Current Affairs Politics

In The Shadow Of The Maple Leaf

Children of the First Nations in Canada (Photo. Andrew Stawiciki)

In recent years Canada has become something of a prestige go-to-destination in these economically straitened times for many people in Ireland seeking a better life overseas. For a whole generation of Irish people Canada has become the new “America” – though one markedly more familiar in its cultural and social attitudes than its southern neighbour.

Yet there is another side to Canada, a far darker and more troublesome one. Der Spiegel International shines a light on it:

“The view from our van could be straight out of a tourism brochure. There are snow-covered peaks, forests painted in fall colors, and next to the road flows a mountain stream where fishermen are catching salmon.

As we travel deeper into this idyllic landscape, the mood of our driver, Gladys Radek, becomes darker. She plays the Patsy Cline song “If I Could See the World (Through the Eyes of a Child),” over and over again. It is a ballad about longing for a childhood like the one Gladys never had.

Gladys was born 56 years ago on the reserve for the Gitxsan indigenous people in British Columbia, but she never gets homesick as she drives along Highway 16, the “Highway of Tears.”

“There are too many ghosts,” she says.

The ghosts are the women who have been disappearing without a trace along the 700-kilometer-long (435-mile-long) stretch of highway. Official police statistics list 18 women in all, 17 of whom are First Nation, as much of the indigenous population in Canada is called. Amnesty International assumes, however, that there are considerably more. Not a single case has been solved.

It is a three-day trip from Prince Rupert to Vancouver, where we meet with the private detective Ray Michalko. He was once a member of the Royal Canadian Mounted Police, the Mounties. Six years ago, the Mounties formed a special commission to look into the Highway 16 cases. They invested $11 million (Canadian) to investigate the murders, but without success.

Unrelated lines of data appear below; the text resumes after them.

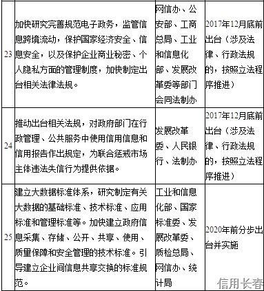 (三十一)建立完善管理制度。處理好大數(shù)據(jù)發(fā)展、服務(wù)、應(yīng)用與安全的關(guān)系。加快研究完善規(guī)范電子政務(wù),監(jiān)管信息跨境流動,保護國家經(jīng)濟安全、信息安全,以及保護企業(yè)商業(yè)秘密、個人隱私方面的管理制度,加快制定出臺相關(guān)法律法規(guī)。建立統(tǒng)一社會信用代碼制度。建立健全各部門政府信息記錄和采集制度。建立政府信息資源管理制度,加強知識產(chǎn)權(quán)保護。加快出臺關(guān)于推進公共信息資源開放共享的政策意見。制定政務(wù)信用信息公開共享辦法和信息目錄。推動出臺相關(guān)法規(guī),對政府部門在行政管理、公共服務(wù)中使用信用信息和信用報告作出規(guī)定,為聯(lián)合懲戒市場主體違法失信行為提供依據(jù)。
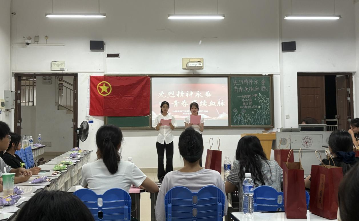 为强化班级凝聚力,引导青年学子坚定理想信念,9月28日晚,华人色情 2025级本科二班五合校区文综104室开展先烈精神永垂,青春赓续血脉”主题团课活动。
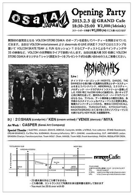 ぎりぎりの告知ですが、2/3(sun)VOLCOM OSAKA Opening Partyがあります。
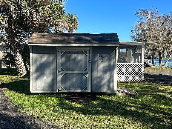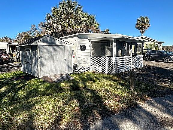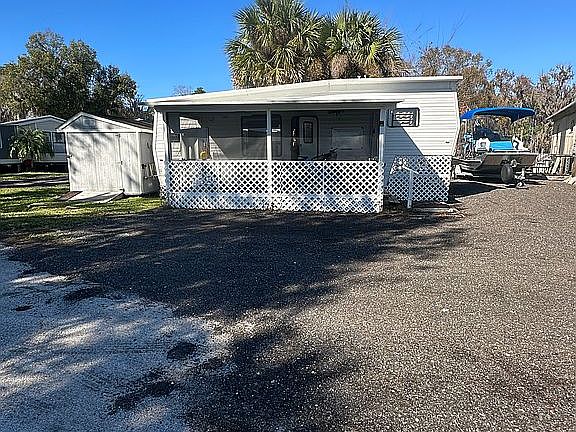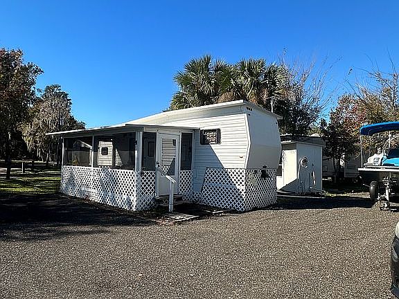 MUST SELL Step into your all-season sanctuary with this water-front Fifth Wheel home, majestically placed on the serene banks of the St. John's river, offering breathtaking panoramic views of pristine river, lush forestry and diverse wildlife directly from your home! An absolute haven for fishing enthusiasts or those who derive tranquility from mother nature. This home comprises a cozy bedroom, perfectly sized to accommodate a queen-sized bed, along with a compact, yet fully functional kitchen and dining area. The living space could fit a comfortable sleeper sofa for additional guests or a pair of plush recliners for relaxed evening, dwelling in the sounds of nature. Love SpaceX launches? The spacious front porch serves as the perfect viewpoint to watch, turning an ordinary evening into an unforgettable spectacle! Boasting a private boat dock and right beside the private ramp, whether you're a seasoned fisherman, or simply enjoy leisurely boat rides, the river awaits at the he Northern mouth of Lake Dexter. Additionally, the home includes a substantial shed for ample storage and a separate laundry room equipped for a washer and dryer, covering all your essential needs. Total of 500 sq ft with main unit, porch, shed and laundry building. This home that you purchase nestles within the charming Fish Tales RV resort, on a $800/mo rented lot, offering you not just a home, but a welcoming community and/or the privacy you may desire. Immerse yourself in a lifestyle where every day feels like a mini-vacation. Don't just visit paradise, live in it!

Michalko is not surprised. “They put 50 people in front of computers and hoped that a serial killer would jump out at them,” he says. Data was collected and profiles were created. The only thing that is not being done, Michalko says, is real detective work.

He couldn’t stand by and watch anymore, he says. That’s why he drives along Highway 16 now, knocking on doors and asking questions. Michalko doubts that the special commission wants to achieve serious results. Each real result would only produce uncomfortable questions.

On the route from Prince Rupert to Prince George we pass Moricetown, the reserve where Gladys grew up. Her mother still lives here in one of the prefabricated houses that one can pick up at any home improvement store. The whole reserve is filled with them. The muddy street that connects them is littered with garbage — TVs, wrecked cars and empty beer cans.

When Gladys’ sister Peggy opens the door, a musty smell drifts our way. Peggy, Gladys explains to us later, has spent two years in prison for assaulting a man who was trying to rape her. Her mother is sitting silently on a sofa filled with holes, gazing absent-mindedly. Her hair falls in oily strands from her head, and her blind eye peers eerily around the room.

“It is unbearable, how our people are forced to live,” Gladys says, when we turn back onto Highway 16 an hour later.

It is almost a miracle that she escaped this misery. Her parents were almost always drunk. When her younger brother starved to death, they were in a bar. Gladys was five then. That’s when she was taken away from her parents.

Her foster parents didn’t provide her with a childhood she would have wanted either. Her foster father started raping her when she was eight. When she was 13, she had the courage to report him to the reserve police. They shrugged their shoulders in response. After that, she packed her bags and ran away.

Gladys could easily have become one of the missing on the Highway of Tears. But she survived, moved to Vancouver, and raised five children. Now she is working as a spokeswoman for an organization for “Missing and Murdered Women.” Her group estimates that there are 500 missing and murdered women in Canada.

“Someone has to give a voice to the many families who don’t know what happened to their loved ones,” she says. The worst, she says, is the feeling of being alone in your pain.”